Sr. Ann Hayden, MM
Thursday, November 1, 2012
Revelations 7:2-4,9-14; Psalm 24:1-6; First John 3:1-3; Matthew 5:1-12

“Who shall ascend your hill of the Lord? And who shall stand in his holy place? Those who have clean hands and pure hearts, who do not lift up their souls to what is false, and do not swear deceitfully. They will receive blessings from the Lord… Such is the company of those who seek…the face of God…” Psalm 24:3-6

The Feast of All Saints is not a call to celebrate an elite group who lived extraordinary lives setting them apart from the many, ordinary sinner-folk like us. Today’s feast is about celebrating the open invitation by the God-of-Communion to all of creation and all peoples of every nation, and language as participants in God’s Trinitarian process that promises fullness of life for all.

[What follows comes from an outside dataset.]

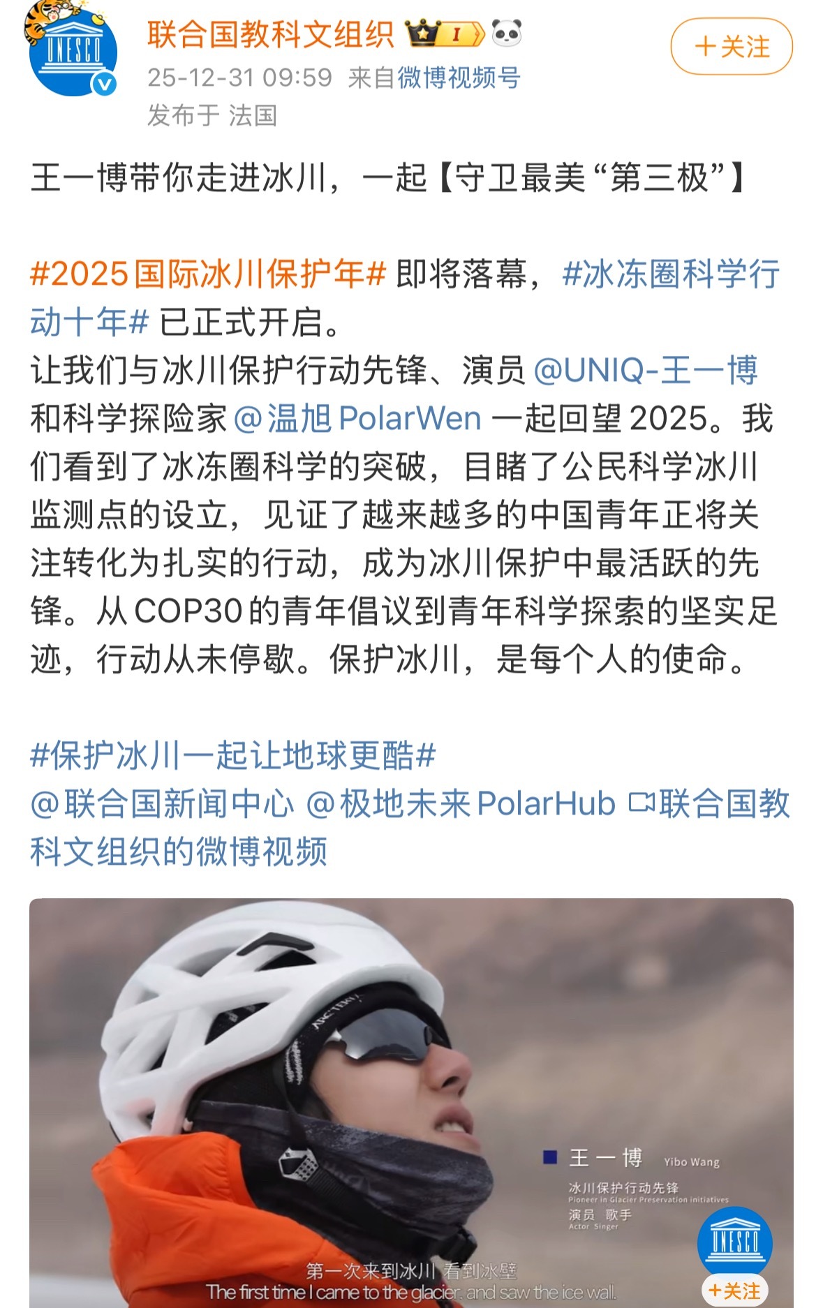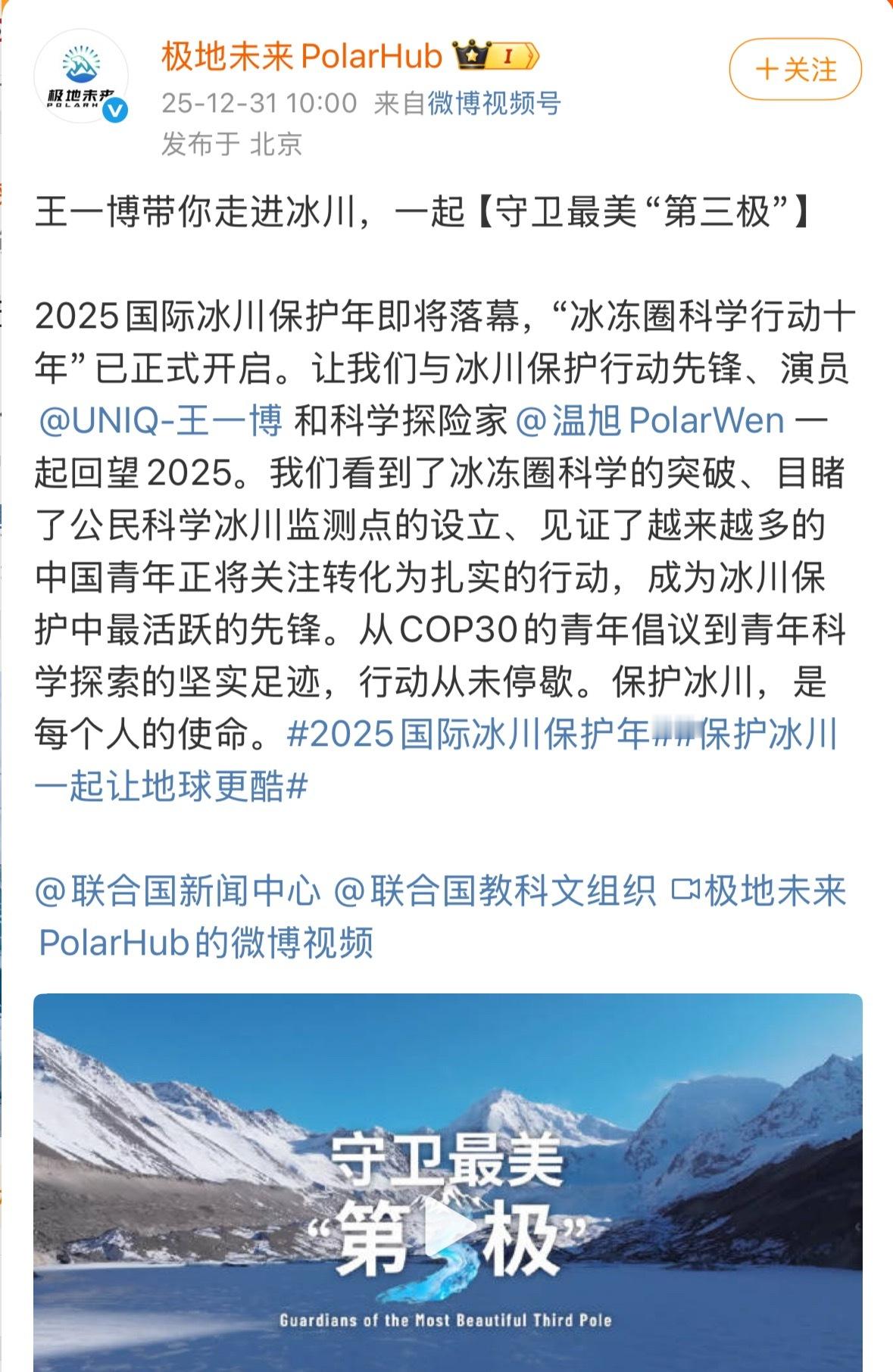 联合国新闻中心发布王一博带你走进冰川,一起守卫最美第三极。这才是我们的正能量顶流

Today is a day of celebration, a “fiesta” of transformation embraced as expressed in the Beatitudes of today’s Gospel. The transforming qualities required of members of the Reign of God are the same as those brought to life, death and new life in Jesus’ own expression of the paschal mystery. Matthew stresses active love and compassion as necessary qualities of the disciple of Jesus and John in the second reading stresses that disciples are beloved children of God. As such, we can expect no other fate than that of Jesus. God calls us to a spirit of self-emptying which we live into as God’s partners in mission, striving in humility and compassion, to comfort those who mourn; to act with hunger and thirst for justice; to open our hearts to see God in all around us; to be peacemakers and to persevere in the face of suffering that is a participation in the paschal mystery of God.

Recently, in the mountainous area of Jacaltenango, Guatemala, I found myself participating in what I consider a communion of saints. It was a celebration of the beatitudes lived as a uniting spirit of God’s favor among peoples of different culture and language and tradition who came together to dream, sustain and nourish their common good into reality. In doing so they built a bond of community expressed in self-emptying and self-gift that witnesses even today to Jesus’ life, death and on-going life among us.

We gathered for the 50th anniversary of the founding of the Jacaltenango Hospital, which was the dream child of the Mayan people and the Maryknoll missioners who worked together there in the 1960s. They imagined a hospital that would provide modern medical care and community-based health services throughout an area accessible only by mule or horseback. Realizing the dream took the sacrifice of all in backbreaking work, spirit challenging set-backs, the mutual wiping away of tears in hours of shared hunger, thirst and emptying of self for what was right and just. Together they built a hospital and, even more profoundly, their passion purified their hearts and built a communion that is firmly bonded in love 50 years later.

Read more about the Jacaltenango Hospital on the Maryknoll Sisters' blog.

As the official celebration was unfolding, I witnessed, amidst the flowers and the speeches, in the singing and the dancing, a celebration of communion and relationship. It was present in the gentle greetings and huge embraces of old friends. It was present in the tears over those who are diminished or have joined the ancestors. It was present in the faces lit with joy and in the ears turned to hear again the stories of sacrifice and of selfless courage. It is present today in the hope that has been engendered in the sons and daughters of the Mayan people and in the newer generations of Maryknoll, who have all heard the stories and are encouraged by the witness of these partners in God’s mission, who strove and continue to strive in humility and compassion for the lived present and awaited future of the Reign of God.

In Christ, we are no longer sinner or saint, Jew or gentile, slave or free, man or woman. We are all called to be the Communion of Saints NOW and to live into the gift that God’s favor offers. While we may not, in this life, see the fruit of our labor, if we labor in sincere love; in active endurance; in non-violent grief and in merciful peacemaking, then the Beatitudes, as a declaration of God’s promise to the lowly, bring us joy and happiness now and always. Happy are we when, together, we build the Communion of LOVE.